Museum and historic building in Ponce, Puerto Rico

The Museo de la Masacre de Ponce (the Ponce Massacre Museum) is a human rights museum and historic building in Ponce, Puerto Rico. It depicts the history and events surrounding the Ponce massacre, which occurred in broad daylight on Palm Sunday in 1937. The museum is housed inside the building where the event itself occurred, with one of its sections devoted to the Nationalist leader, Pedro Albizu Campos. It also documents the blacklisting of Puerto Rican Nationalists performed by the United States, as well as hosting a considerable number of photos from the Nationalist era.

The museum is listed in the U.S. National Register of Historic Places in as Casa de la Masacre (the Massacre House).

==Background==
After the U.S. invasion of Puerto Rico in 1898, the island's political status within the U.S. became a subject of ardent conversation within Puerto Rican political circles. A number of political parties sprung up as a result, with platforms based on their desired relationship to the U.S.

The three basic party options were independence, statehood, and commonwealth. The independence movement came to be symbolized by the Puerto Rican Nationalist Party.

===Winship's persecution===

"On March 21, 1937, Easter Sunday, this site witnessed one of the most tragic and moving events of our history: The Ponce Massacre.

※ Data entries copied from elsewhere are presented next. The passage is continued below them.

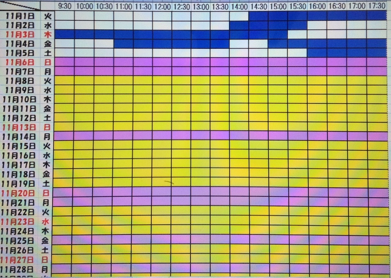 黄色・・・・・・本日予約受付不可
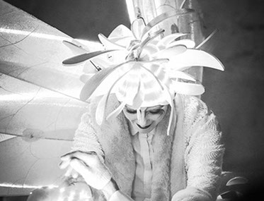 Spectacle fixe et/ou déambulatoire, pour 5 personnage et un pousse-pousse sonorisé. Avec effets visuels (costumes lumineux, fumée, nuage de bulles de savon), enrobé d’un univers musical.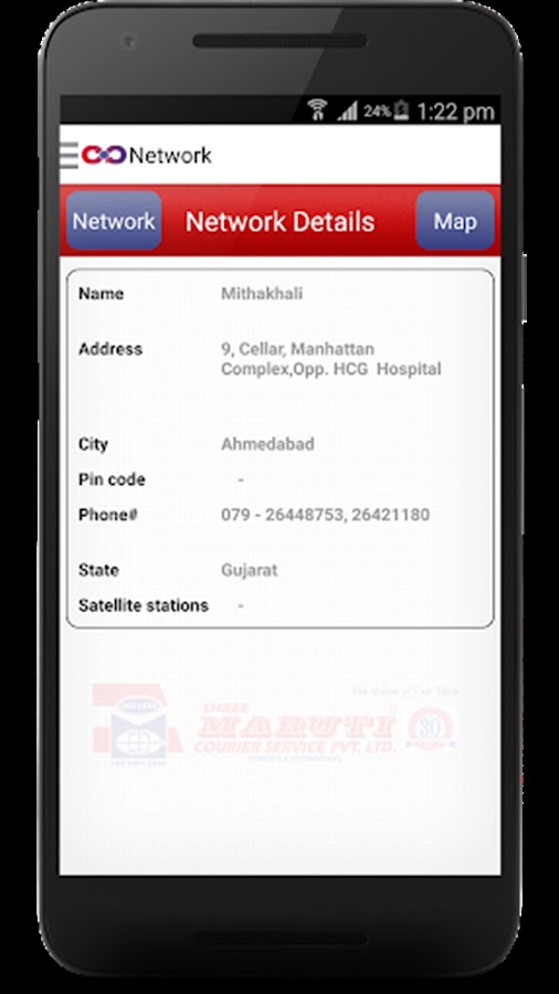 • Пользователь может просмотреть подробную информацию о любом центре курьерской сети Maruti.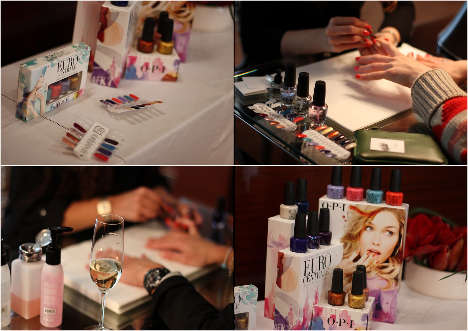 Dès notre arrivée dans la somptueuse suite, nous sommes invités à nous asseoir, accompagnés d’une flûte de Moët et de pop corn, afin d’assister à une conférence de presse tenant en la description de l’univers de la marque, autour de ses collections et de ses différents partenariats et collaborations, son histoire, son évolution, son impact et son influence. La dernière collaboration à venir : “Liquid Sand”, une ligne mettant en lumière la chanteuse Mariah Carey, où l’on trouvera notamment une grande nouveauté : le liquid sand, une texture inédite au rendu mat sans avoir recours à un top coat, avec de fines particules intégrées rendant la couleur scintillante. Une matière révolutionnaire qui, selon la directrice artistique d’OPI, “sera incontournable en 2013″. On veut bien la croire! Pour clôturer la conférence, nous avons eu le plaisir de découvrir la nouvelle publicité OPI pour la collection printemps été “Instinct of Color” en exclusivité, où le thème de la danse prédomine, rythmé par le titre Down the Road de C2C. Nous avons pu découvrir aussi la nouvelle collection Euro Centrale, une ligne éclectique rendant hommage aux différents pays d’Europe, comportant tant de points de convergences les uns des autres que l’on retrouve dans des teintes diamétralement opposées, portant des noms-jeux de mots très amusants tels que “A Woman Prague-ative”, “You’re Such a Budapest” ou encore le magnifique “I Saw… You Saw … We Saw… Warsaw” Après cela, un déjeuner nous attendait, ainsi que plusieurs nail bar à notre disposition afin d’arborer en avant première les collections printemps été qui ne seront en magasin qu’en février. Une aubaine, puisque dès le lendemain les gens s’attardaient sur ma superbe manucure et cette couleur inédite, et c’est avec une certaine délectation que je leur répondais qu’elle n’était pas encore disponible (je sais, je suis diabolique) ! Mais patience les amis, vous pourrez retrouver les trois collections printemps été 2013 Liquid Sand, Instinct of Color et Euro Centrale dès février 2013 en boutique !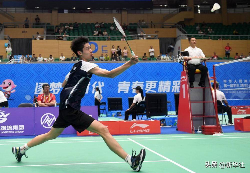 ↑2023年10月24日,代表湖南队的长沙市南雅中学选手袁璁颢在学青会羽毛球中学组男子团体决赛单打比赛中回球。新华社记者 陆波岸 摄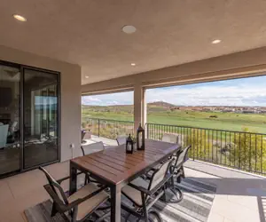 Enjoy the beautiful scenery that extend from the family room to the spacious balcony that bring together outdoor and indoor living with views of Ledges Fairway, your own private pool and the stunning red mountains of Snow Canyon. Equipped with comfortable seating, dining area and Weber Grill, this area ensures that you can indulge in outdoor dining in the perfect setting. Other outdoor accommodations include private hot tub, putting green, fire-pit, and covered patio.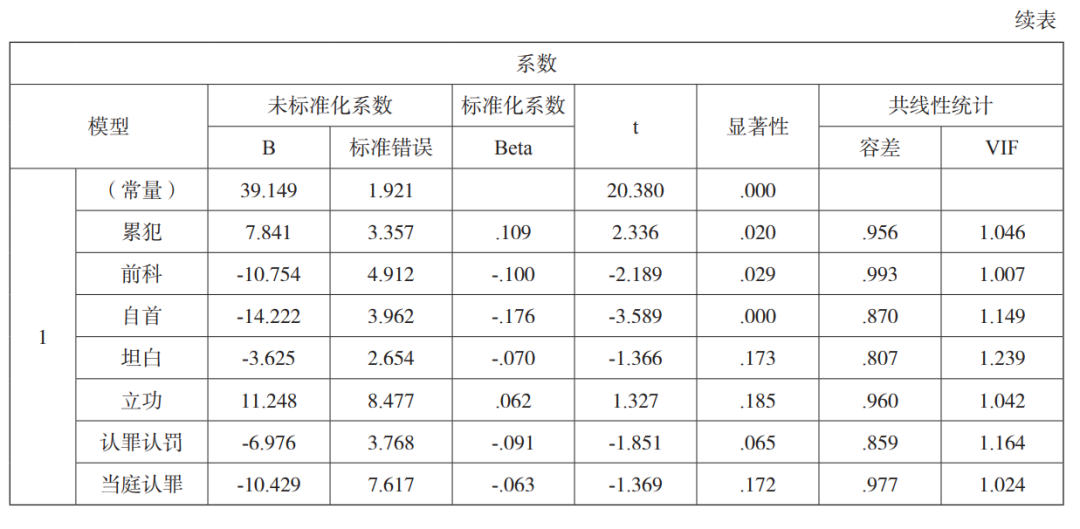 上述参数估算表中无 7 年以上刑罚的回归数据,表明各种量刑情节对于组织、领导者而言均无意义,为了进一步检测此结论的科学性,再次对其采用线性回归单独建模,模型显示的P值为 0.293(大于 0.05),从而表明各项量刑情节确实对宣告刑在 7 年以上者无影响。为了最小化检测误差,笔者又对组织、领导者的宣告刑与量刑情节进行线性回归检测,P 值为 0.118(大于0.05),再次表明量刑情节与组织、领导者的宣告刑不存在回归关系,至此只能接受此“不尽如人意”的结论。此情形纯属客观现象还是司法机关的量刑偏差?如果该地位犯罪分子的量刑情节本身量微,则司法者巧妇难为无米之炊,应将其作为客观现象来接受,或从犯罪学的视角探讨促使组织、领导者认罪悔罪之道术。但是统计发现,除自首、立功、当庭认罪比率在 3% 以下,其他情节存在频率高,足够发挥量刑价值,进而说明,在组织、领导者的量刑中,量刑情节适用不充分。
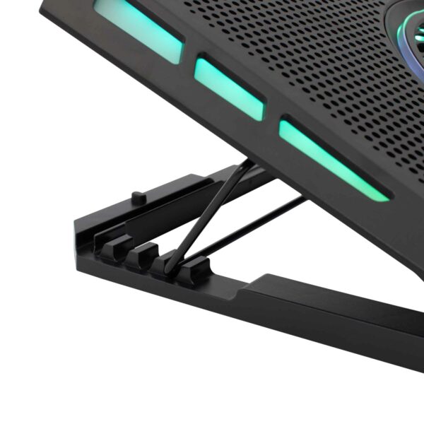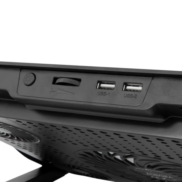 Förbättra din upplevelse med den eleganta aluminiumdesignen, anpassad för skärmar upp till 17,3 tum. De tysta fläktarna har en hastighet på 1400 till 2500 varv per minut och producerar endast 5-15 dBA ljud. Håll anslutningen med den inbyggda USB-hubben och njut av smidig multitasking. Med 6 justerbara vinklar kan du hitta din ergonomiska sweet spot.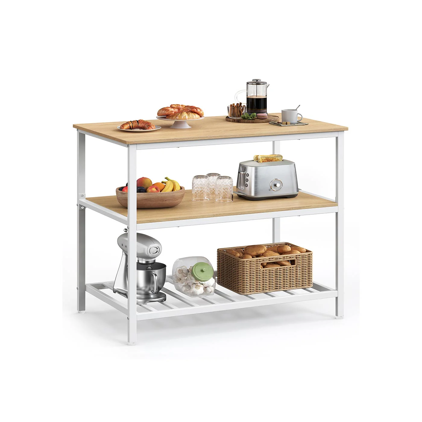 VASAGLE Isla de Cocina con Encimera Grande, Estantería de Cocina de 3 Niveles, Marco de Acero, 60 x 100 x 90 cm, Estilo Industrial, Fácil de Montar

On that day, a peaceful march organized by the Puerto Rican Nationalist Party was dissolved by the authorities through a shooting, with a large number of Nationalists and bystanders resulting dead and wounded, as well as two policeman also victims of the incident.

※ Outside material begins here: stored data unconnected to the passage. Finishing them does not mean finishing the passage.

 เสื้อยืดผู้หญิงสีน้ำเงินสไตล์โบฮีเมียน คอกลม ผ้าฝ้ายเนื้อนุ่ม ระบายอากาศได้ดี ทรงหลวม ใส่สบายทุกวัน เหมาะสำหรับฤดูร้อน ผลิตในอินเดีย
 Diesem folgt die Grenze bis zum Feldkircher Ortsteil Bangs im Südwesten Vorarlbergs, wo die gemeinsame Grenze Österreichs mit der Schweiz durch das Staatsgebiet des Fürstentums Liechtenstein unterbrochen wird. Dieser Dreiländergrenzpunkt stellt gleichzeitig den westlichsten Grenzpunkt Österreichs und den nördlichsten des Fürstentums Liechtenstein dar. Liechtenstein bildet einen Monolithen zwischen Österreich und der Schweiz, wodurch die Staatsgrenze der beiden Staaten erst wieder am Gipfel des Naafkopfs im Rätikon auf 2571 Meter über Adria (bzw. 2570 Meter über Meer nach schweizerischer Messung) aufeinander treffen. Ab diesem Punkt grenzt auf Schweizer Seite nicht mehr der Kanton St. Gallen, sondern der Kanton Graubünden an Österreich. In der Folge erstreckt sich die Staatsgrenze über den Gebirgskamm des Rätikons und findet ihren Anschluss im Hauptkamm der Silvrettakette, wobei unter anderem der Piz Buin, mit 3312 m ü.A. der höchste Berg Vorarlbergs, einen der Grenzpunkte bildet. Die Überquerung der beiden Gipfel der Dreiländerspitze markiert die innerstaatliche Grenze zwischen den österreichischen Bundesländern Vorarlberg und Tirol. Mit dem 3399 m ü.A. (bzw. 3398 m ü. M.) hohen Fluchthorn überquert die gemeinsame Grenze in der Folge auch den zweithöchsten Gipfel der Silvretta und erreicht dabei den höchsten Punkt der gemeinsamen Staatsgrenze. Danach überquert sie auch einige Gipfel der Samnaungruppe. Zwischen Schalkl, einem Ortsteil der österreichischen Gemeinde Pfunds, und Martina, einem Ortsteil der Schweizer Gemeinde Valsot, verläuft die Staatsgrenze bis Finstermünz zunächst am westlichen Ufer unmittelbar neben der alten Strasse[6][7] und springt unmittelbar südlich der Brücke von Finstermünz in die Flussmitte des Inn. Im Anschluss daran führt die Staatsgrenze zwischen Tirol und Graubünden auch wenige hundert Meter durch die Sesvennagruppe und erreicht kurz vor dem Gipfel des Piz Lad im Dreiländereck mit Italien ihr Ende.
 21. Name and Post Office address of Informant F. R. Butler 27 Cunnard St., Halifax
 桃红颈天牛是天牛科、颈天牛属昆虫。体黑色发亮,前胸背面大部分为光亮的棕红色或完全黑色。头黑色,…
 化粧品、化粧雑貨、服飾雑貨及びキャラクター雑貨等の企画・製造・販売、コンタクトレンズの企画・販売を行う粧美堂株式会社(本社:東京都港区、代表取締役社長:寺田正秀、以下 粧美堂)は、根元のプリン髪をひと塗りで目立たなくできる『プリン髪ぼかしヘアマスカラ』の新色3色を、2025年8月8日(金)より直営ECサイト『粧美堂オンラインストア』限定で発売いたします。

The Hays Commission, created to investigate the facts, determined that what occurred at this site was a massacre provoked, in great measure, by the climate of intolerance, discrimination, and belittlement towards civil rights of the government of General Blanton Winship.

Today, on the fiftieth anniversary of that mournful event, the Institute of Puerto Rican Culture places this memorial as permanent record to the fallen, who offered their lives in defense of their ideals and of the most basic human rights.

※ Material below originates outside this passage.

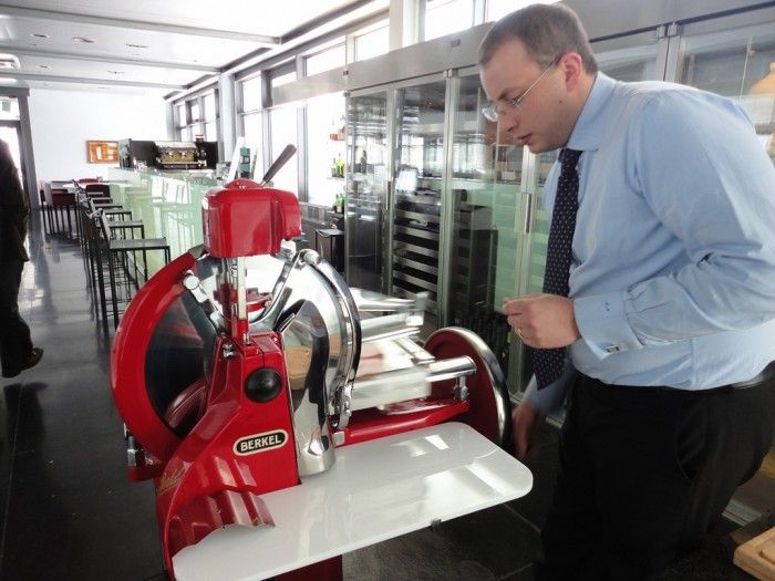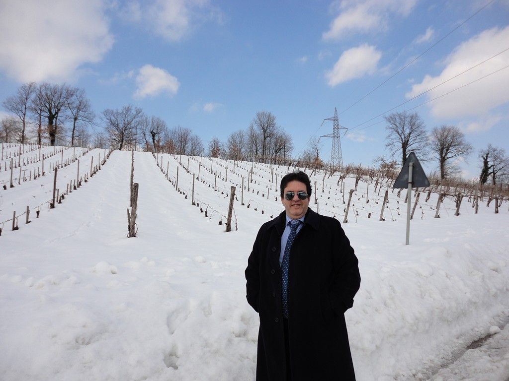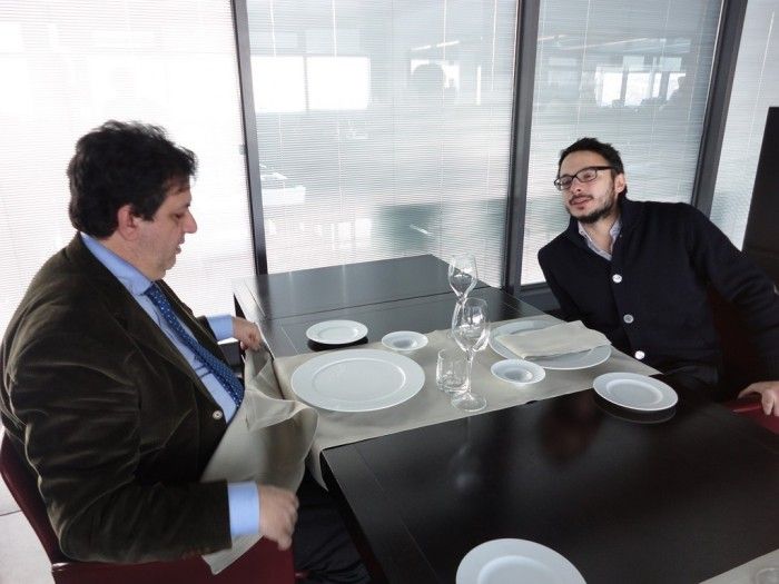 Non credo che sia andata proprio così, piuttosto, la prima uscita nella terra dei lupi dopo le copiose nevicate, credo dipenda più dall’attaccamento del “nostro”ai vini e ai prodotti di questo territorio e..soprattutto ad altre bellezze made in Irpinia, vero Annarita? Ma veniamo a noi…fattoci largo tra le montagne di neve accumulate ai margini della strada, arriviamo a località Cerza Grossa di Sorbo Serpico dove ha sede la prestigiosa cantina dei Feudi di San Gregorio, ma il nostro obiettivo di quest’oggi, non è la cantina ma il ristorante Marennà. Chiamato così in omaggio al territorio e al suo lessico dialettale. ” ‘A marenna” era una sorta di colazione di metà mattinata che i contadini usavano tenere dopo aver già svolto buona parte del lavoro giornaliero, infatti sembra che etimologicamente la parola derivi dal latino “merere”che significa, appunto, meritare. Ad accoglierci il gentilissimo e giovanissimo Antonio Capaldo, presidente della società, chiamato a tale compito nel 2009, dopo già circa dieci anni di esperienza all’estero, nella finanza (Lazard) prima, e nella consulenza strategica (Mc Kinsey) dopo. Ci affida per un attimo nelle mani di Angelo Nudo, maitre del Marennà, nonché esperto sommelier e grande competente di formaggi e salumi, che “al volante” di una meravigliosa Berkel d’antan ci fa fare dei “giri” papillosi con una meravigliosa ricotta affumicata e stagionata e un ottimo guanciale di “maiale pesante”(l’ho riconosciuto dallo spessore), il tutto annaffiato dalle bollicine selossiane del Dubl.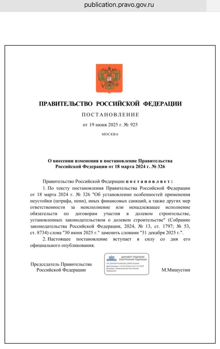 «О внесении изменения в постановление Правительства Российской Федерации от 18 марта 2024 г. № 326» официально опубликовано 20 июня 2025 года.

Juan Cotal - Conrado Rivera -
Jose Antonio Delgado - Ivan Rodriguez -
Maria Hernandez - Jenaro Rodriguez -
Luis Jimenez - Pedro Rodriguez -
Ceferino Loyola - Obdulio Rosario -
Georgina Maldonado - Eusebio Sanchez -
Bolivar Marquez - Juan Santos -
Ramon Ortiz - Juan Torres -
Ulpiano Perea - Teodoro Velez -
Juan Reyes"
— Inscription on the North exterior wall of the Museum

In the early 1930s, concurrent with the growing sentiment for Nationalism and independence in Puerto Rico, U.S. president Franklin D. Roosevelt assigned a new governor for the island: a former U.S. Army General named Blanton Winship.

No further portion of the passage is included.